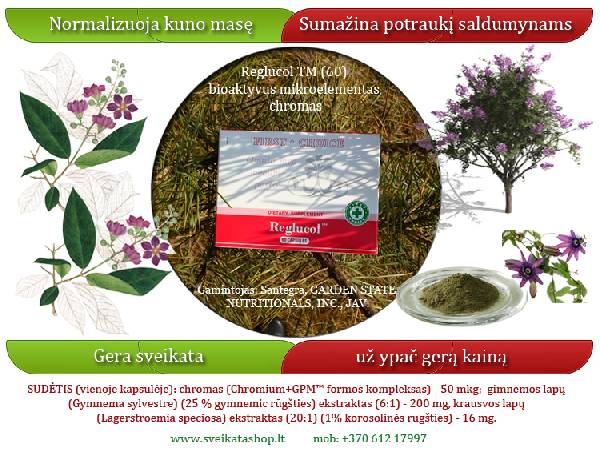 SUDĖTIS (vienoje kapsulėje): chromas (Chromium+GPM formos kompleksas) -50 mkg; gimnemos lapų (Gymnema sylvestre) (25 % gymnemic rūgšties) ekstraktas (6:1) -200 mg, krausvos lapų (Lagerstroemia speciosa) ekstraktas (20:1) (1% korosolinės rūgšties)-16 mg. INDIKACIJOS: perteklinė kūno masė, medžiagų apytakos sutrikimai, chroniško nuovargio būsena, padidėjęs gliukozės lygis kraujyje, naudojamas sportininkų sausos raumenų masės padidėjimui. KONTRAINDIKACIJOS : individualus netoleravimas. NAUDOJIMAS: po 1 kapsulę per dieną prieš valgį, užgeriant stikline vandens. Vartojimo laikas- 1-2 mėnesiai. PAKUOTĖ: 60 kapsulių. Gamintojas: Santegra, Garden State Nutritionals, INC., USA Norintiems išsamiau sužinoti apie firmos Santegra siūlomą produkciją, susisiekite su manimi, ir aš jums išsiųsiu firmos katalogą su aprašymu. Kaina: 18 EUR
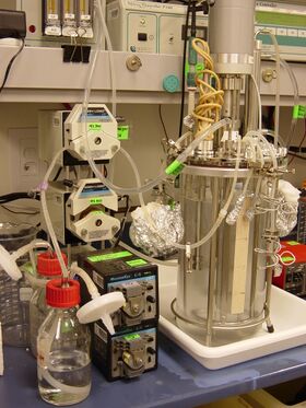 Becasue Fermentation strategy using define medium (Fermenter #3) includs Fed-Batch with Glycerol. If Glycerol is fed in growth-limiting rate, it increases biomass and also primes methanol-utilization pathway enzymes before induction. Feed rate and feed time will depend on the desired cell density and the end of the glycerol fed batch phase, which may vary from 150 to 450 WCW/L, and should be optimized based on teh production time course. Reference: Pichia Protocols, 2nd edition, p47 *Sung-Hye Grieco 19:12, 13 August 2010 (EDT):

==

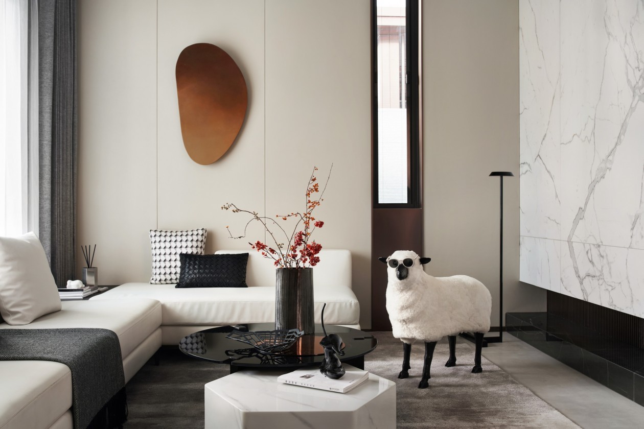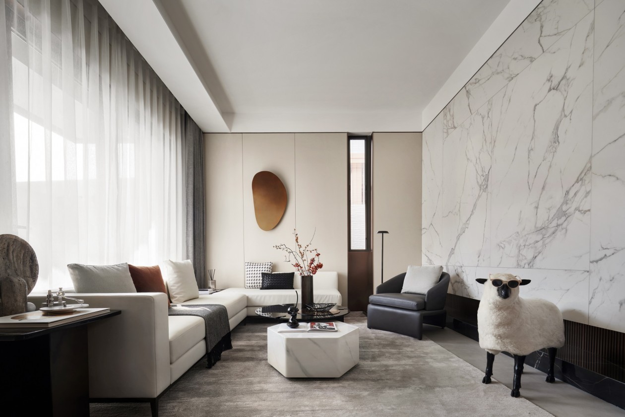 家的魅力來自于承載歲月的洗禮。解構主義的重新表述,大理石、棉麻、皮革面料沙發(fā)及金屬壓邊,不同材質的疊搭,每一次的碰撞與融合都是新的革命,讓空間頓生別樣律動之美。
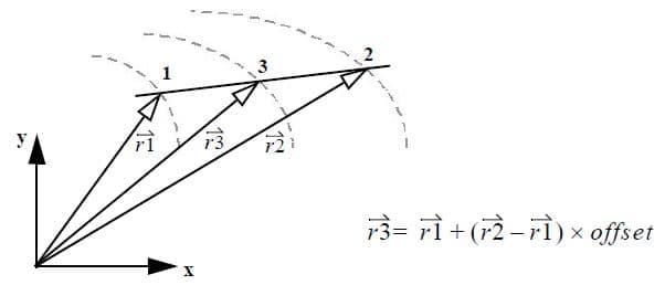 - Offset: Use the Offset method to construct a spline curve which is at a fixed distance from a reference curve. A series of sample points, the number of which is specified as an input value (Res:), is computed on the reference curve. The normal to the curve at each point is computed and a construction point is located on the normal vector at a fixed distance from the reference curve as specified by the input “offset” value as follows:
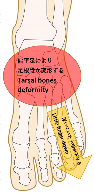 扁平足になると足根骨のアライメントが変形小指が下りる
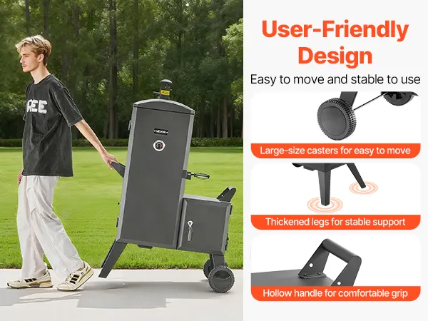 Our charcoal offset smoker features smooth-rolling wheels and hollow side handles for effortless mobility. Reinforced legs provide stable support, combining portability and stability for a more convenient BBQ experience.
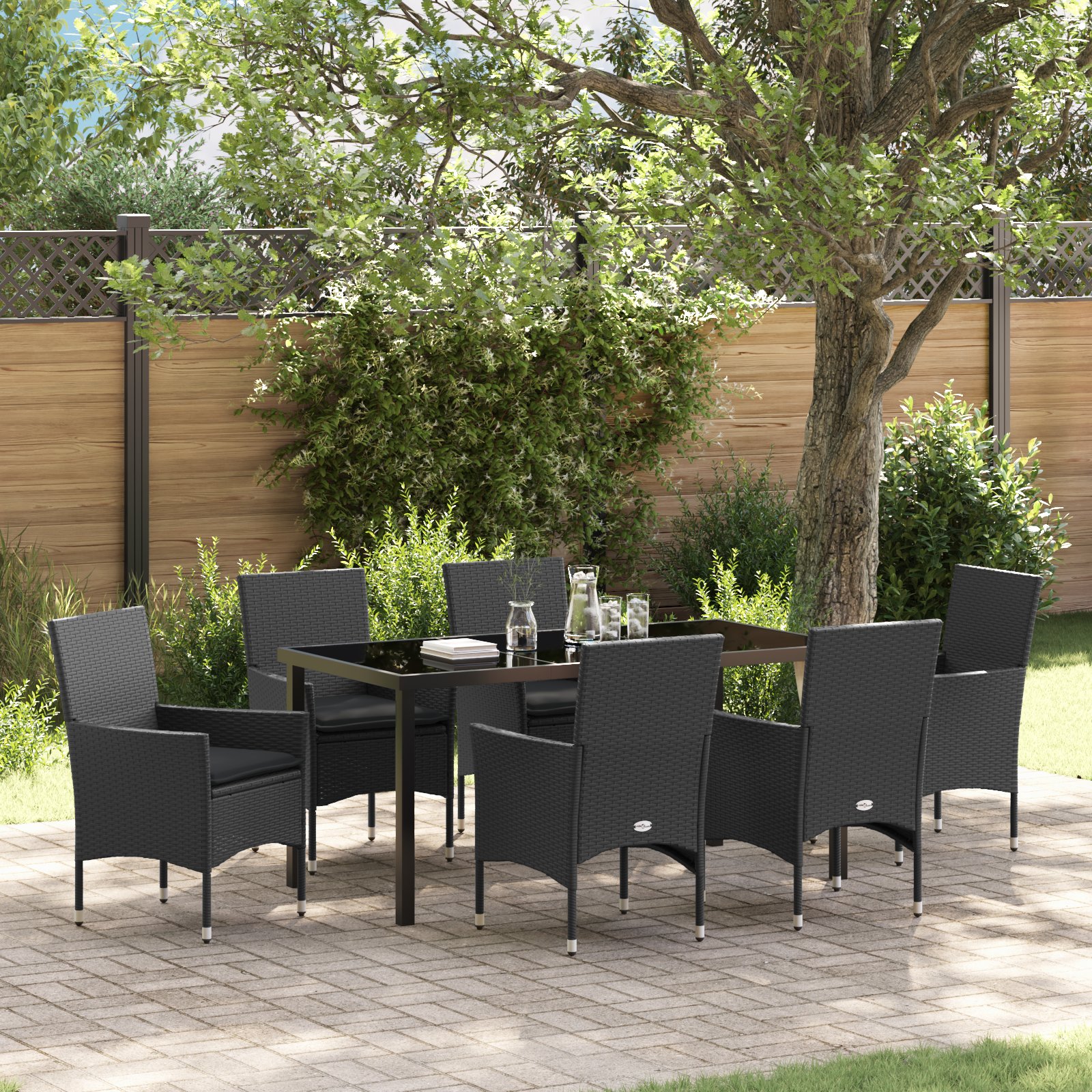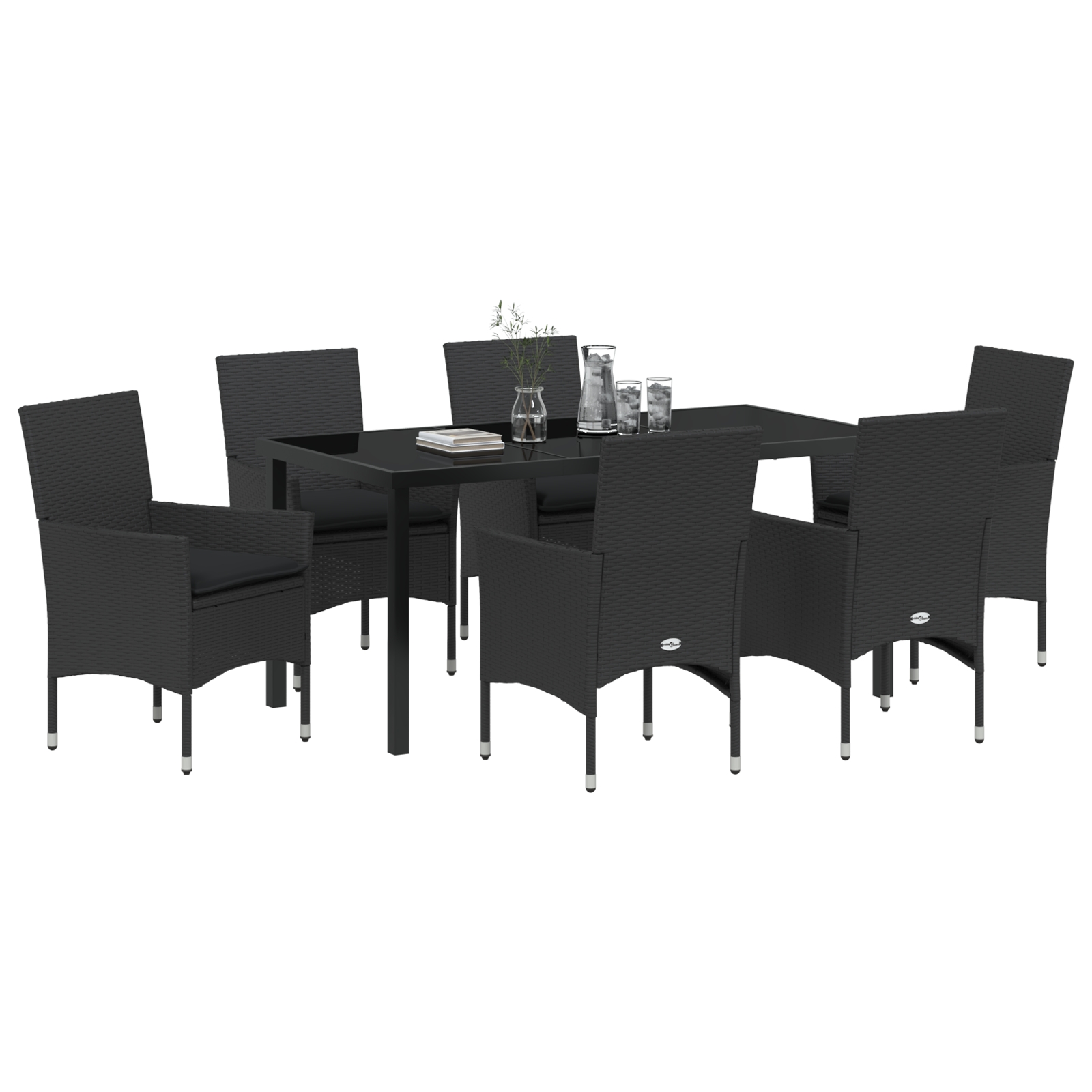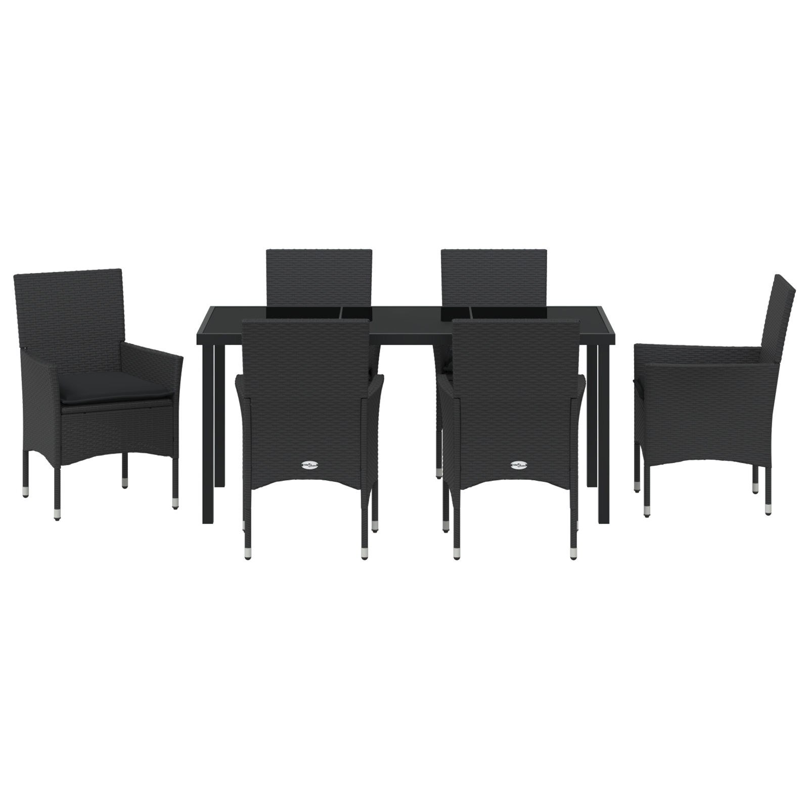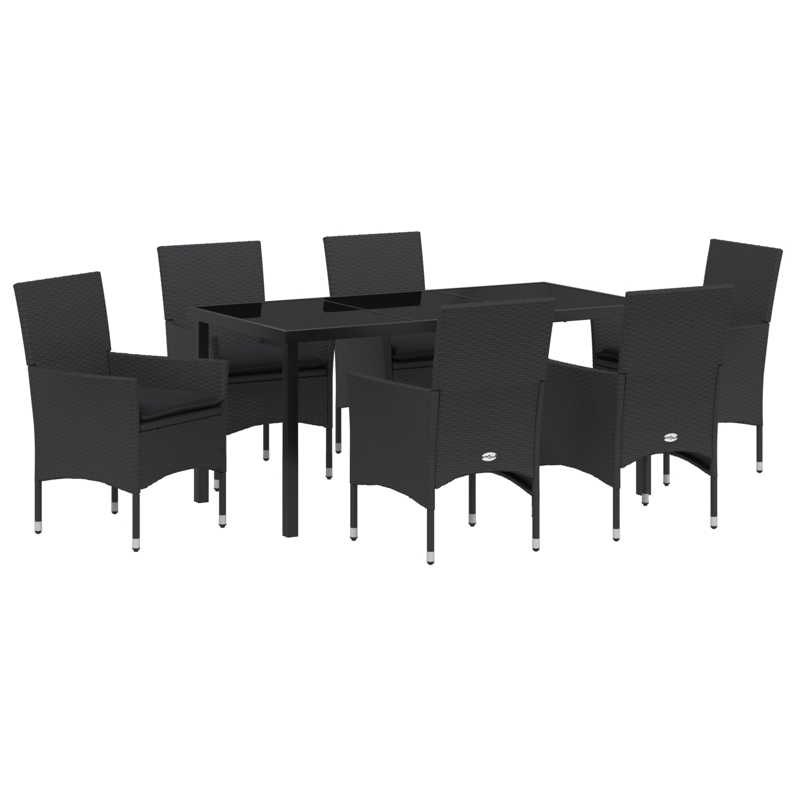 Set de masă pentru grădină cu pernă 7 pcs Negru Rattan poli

• [EXERCISE REQUIREMENTS]
Exactly the lines starting at the one above with "- Offset: Use" and ending at the one with "Set de masă" should be printed, and nothing else. Omit the pictures.

• [SOLUTION TO THE PROBLEM]
 - Offset: Use the Offset method to construct a spline curve which is at a fixed distance from a reference curve. A series of sample points, the number of which is specified as an input value (Res:), is computed on the reference curve. The normal to the curve at each point is computed and a construction point is located on the normal vector at a fixed distance from the reference curve as specified by the input “offset” value as follows:
 扁平足になると足根骨のアライメントが変形小指が下りる
 Our charcoal offset smoker features smooth-rolling wheels and hollow side handles for effortless mobility. Reinforced legs provide stable support, combining portability and stability for a more convenient BBQ experience.
 Set de masă pentru grădină cu pernă 7 pcs Negru Rattan poli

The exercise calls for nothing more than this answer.